李韞善見周禎停住,正要甩開手,倏然被他一隻大手攬住纖細腰身,朝著他猛地一束。

她猝不及防,兩手撐在周禎身上。

“你……唔!”她剛抬首,就被濃烈的吻封住了話音。

李韞善睜大了眼,周禎的氣味鋪天蓋地湧進她鼻息,她被堵得嚴嚴實實,隻有些許喘息從齒縫之間溢出。

周禎帶著些急切與粗暴,席卷著李韞善全部的呼吸。

他一隻手桎梏著李韞善的腰,一隻手抵在她脖頸之後,攻城略地般汲取著她的氣息。

直到李韞善喘不上氣,用力掙脫了他的摟抱,才算終了。

周禎唇色紅潤,鳳眼潮濕。

醉芙蓉花瓣隨風而散,飄落在他肩頭,如此嬌嫩顏色也抵不過他的容顏。

李韞善退了一步,忍不住抬手抹了抹唇。

唇瓣已經比醉芙蓉還要嬌嫩,她喘著氣,禁不住拍打了兩下周禎,“登徒子!”

周禎隻是瞧著她笑,烏黑眼眸如深潭倒映著李韞善。

庭院深深,月輝流螢,他欺身逼近李韞善,李韞善往後退著,身後卻是長廊,她退無可退,被周禎抱了個滿懷。

“躲什麽,怕我吃了你?”他聲音湊在耳邊,溫熱濕潤。

李韞善雖然雙手抵著他,卻並沒用上幾分勁,“你不正是要吃人的模樣。”她嗔怒道。

周禎歎息:“你可知月色甚美。”

李韞善奇怪道:“今日秋分,傳聞月神會在這日下凡,月色自是甚美。”

周禎笑了笑,胸腔震動,李韞善仿若聽見他的心跳,繼而是他的聲音,溫柔繾綣,“你比月色還美上幾分。”

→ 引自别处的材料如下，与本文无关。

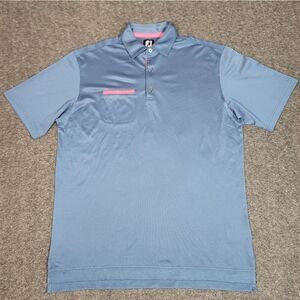 FootJoy Men's Golf Shirt Size L Blue Performance Polo With Pink Chest Pocket

李韞善一時無言,她安靜下來,倚靠在周禎懷中,他懷抱溫暖,帶著獨特的氣息,沉香濃鬱,芙蓉花香,李韞善閉了閉眼,再次睜開時,眼神清明。

“好了好了,別詩情畫意了,宮宴要遲了。”她笑著推開周禎,扯住他的袖口,往正慶宮走去。

秋風乍起,周禎驚覺原來入秋確實是有些涼意。

……

正慶宮大殿內,規整擺著食案,案上各式宮廷名菜,世間好酒,皆已經擺放妥當。

此刻諸位大臣已經入座,此刻正翹首以盼。

誰知祭月時辰早過,永安王和盧太妃都已經入座,陛下卻遲遲不見蹤影。

席間慢慢紛擾開,皆是那些皇親貴胄帶著自家兒女赴宴,心思一目了然,女眷眼神早就飄向殿門口,等著周禎大駕。

等了許久,先行一步踏進殿門口的竟是紅衣女子。

李韞善一進門便見許多如利劍般的眼神,直直刺向自己,不由得笑出聲來。

“怎的?今日是宮宴,還是本王的刑場,諸位娘子的眼神可真是瘮人。”

她此言一出,朝臣紛紛垂首不言,案下拉扯著自家女兒的袖口。

周禎跟在後頭進來,朝臣連忙參拜,山呼萬歲。

周禎輕輕抬手,“諸卿請起,今夜宮宴本為迎接月神,不必拘束。”

永安王第一個起身,他坐在離周禎右側的食案後,手中舉著酒爵,“陛下萬歲,臣在遼地許久,連陛下登基都未曾趕得上,今日終於得以拜見,恭祝陛下千秋萬代。”

“皇叔不必多禮。”周禎剛坐下,便被敬酒,隻能端起酒爵。

盧太妃心中萬般不樂意,也不敢將李韞善位置排在遠處,隻得安排在周禎下首,卻是左側,美名曰右尊必得留給永安王。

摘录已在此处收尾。